Of the four rockets launched from Gaza into Israel, one was shot down, and three landed harmlessly in open fields. Hamas was greatly surprised by Israel’s response. which was to completely destroy, using GPU-28 bunker buster bombs, a major weapons manufacturing plant built underground, that produced missiles and drones, and to destroy another, above-ground facility as well. The damage was enormous. Sixteen tons of explosives were blown up in the first airstrike. Hamas had apparently been expecting a tit-for-tat reprisal. Instead, the Israelis caused destruction on a scale Hamas had not experienced since Operation Guardian of the Walls. Israel has delivered a double-barreled message to Hamas. First, no matter what group launches attacks on Israel from Gaza on Israel, the IDF will hold Hamas responsible. Thus Hamas has to police the other groups including, especially, the even more violent Palestinian Islamic Jihad, to prevent them from launching attacks. Second, the Israeli response will from now on be “disproportionate,” in an attempt to promptly persuade Hamas to stop its own attacks, and to prevent by force any planned attacks by other terrorist groups.

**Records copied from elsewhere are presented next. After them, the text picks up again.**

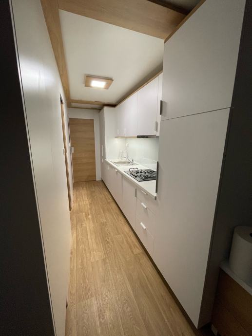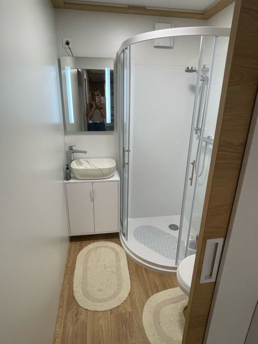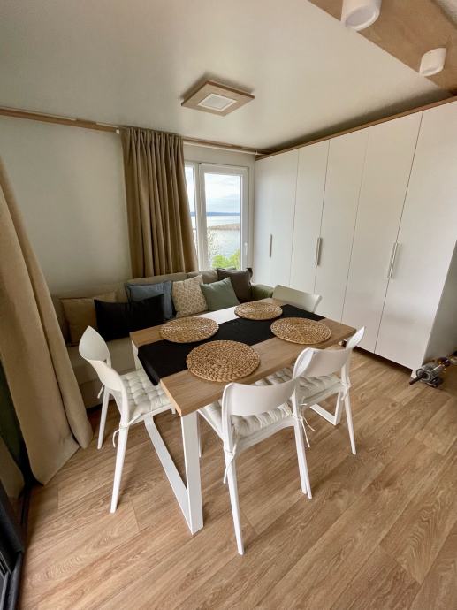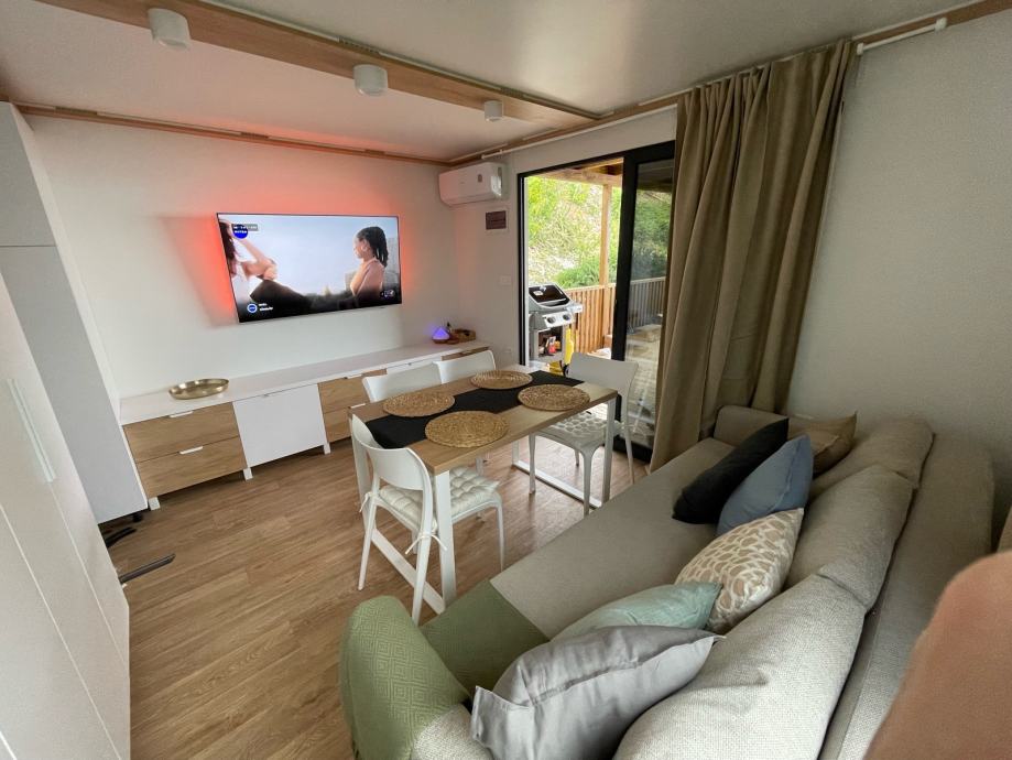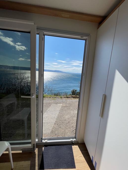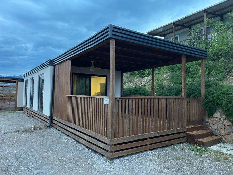 Prodaje se moderna, izrađena po mjeri i nadstandardno opremljena mobilna kućica smještena u uređenom kampu u Klenovici, na mirnoj premium lokaciji s otvorenim pogledom na more.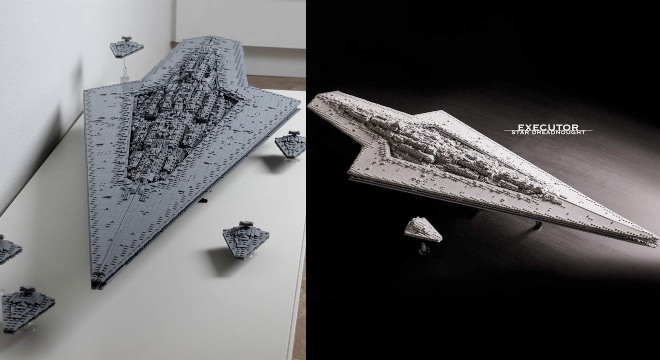 Here is another awesome building kit for Star Wars fans. This Star Wars Executor-class Star Dreadnought has 7284 pieces. It has ABS plastic bricks and can be enhanced with LEGO pieces. The model measures 132cm long by 49cm wide when completed.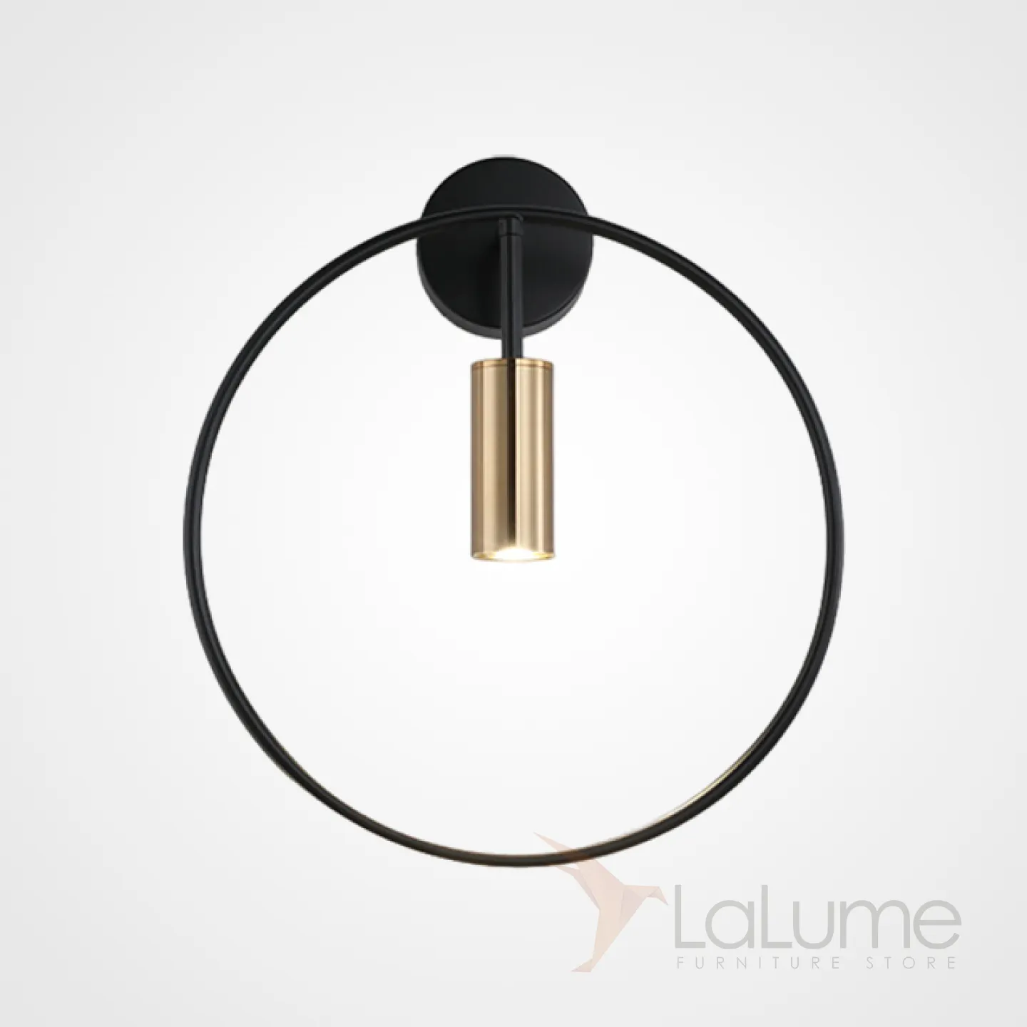 Серия настенных светильников с цилиндрическим плафоном на кольцевом каркасе с круглым креплением VELMA D28 Black Gold

The impoverished residents of Gaza are eager to be given permits to work in Israel, where they earn at least twice as much as what they receive in Gaza for similar work, and are also covered by Israeli labor law, which insures that they won’t be subject to the kind of mistreatment they must endure from their Palestinian employers in Gaza. The quieter the border with Gaza, the more Palestinians will be allowed to work in Israel. That’s the carrot.
And the stick? The stick is those massive attacks carried out by those superb Israeli pilots, now well-supplied with GPU-28 bunker busters, who are able to destroy an entire weapons manufacturing plant in a single airstrike.